L'Ecrin des illusions

Chapitre 16 : Les Liens du Destin

3897 mots, Catégorie: T

Dernière mise à jour 28/02/2024 14:48

Le corps du Mangemort fut emporté par les Aurors. Hazel, une fois le patronus disparu, s'approcha du maître des potions. Ce dernier, indifférent à la pluie, se tenait un peu à l'écart et avait refusé de se joindre à la discussion de ses collègues.

- Professeur Rogue.

Il se retourna. Une goutte pareille à une larme, était perchée au bout de son nez crochu. Hazel se mit à détailler le visage cireux de son professeur. Elle aurait été bien incapable de deviner les pensées l'agitant à cet instant.

- Evans, déclara-t-il d'une voix enrouée, maintenant que Carew ne peut plus vous nuire, j'espère que vous éviterez les situations périlleuses.

Il croisa les bras contre sa poitrine, reprenant sa posture favorite afin de se redonner une certaine prestance. Il esquissa un curieux rictus.
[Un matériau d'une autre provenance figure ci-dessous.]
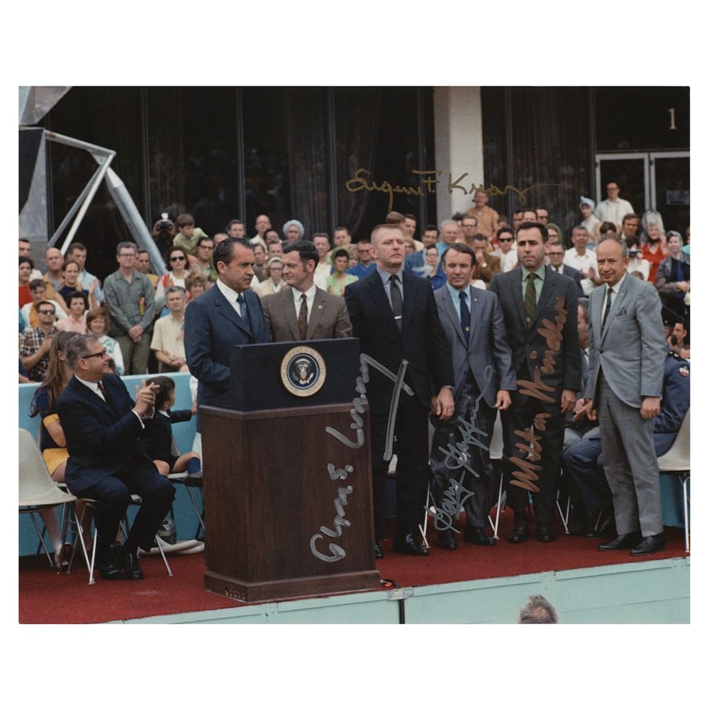 Color satin-finish 10 x 8 photo of President Richard Nixon honoring Apollo 13's heroic mission operations team, signed in ink by Gene Kranz, Glynn S. Lunney, Gerry Griffin, and Milton Windler. In fine condition.

- Sinon, vous finirez votre vie à vagabonder dans la forêt, à faire pousser des citrouilles en compagnie de Hagrid.

Hazel lui décrocha un regard outré. Ses lèvres s'animèrent en un sourire qui ne manqua pas de faire réagir son professeur.

- Ôtez-moi cette risette ridicule de votre figure, cela ne vous sied guère !

- Je m'apprêtais à vous présenter des excuses, professeur. Je n'aurais jamais dû toucher votre patronus.

Il parut surpris par cette sollicitude inattendue. Ses traits se détendirent et, un court instant, il ne semblait plus aussi terrifiant et dépourvu d'humanité.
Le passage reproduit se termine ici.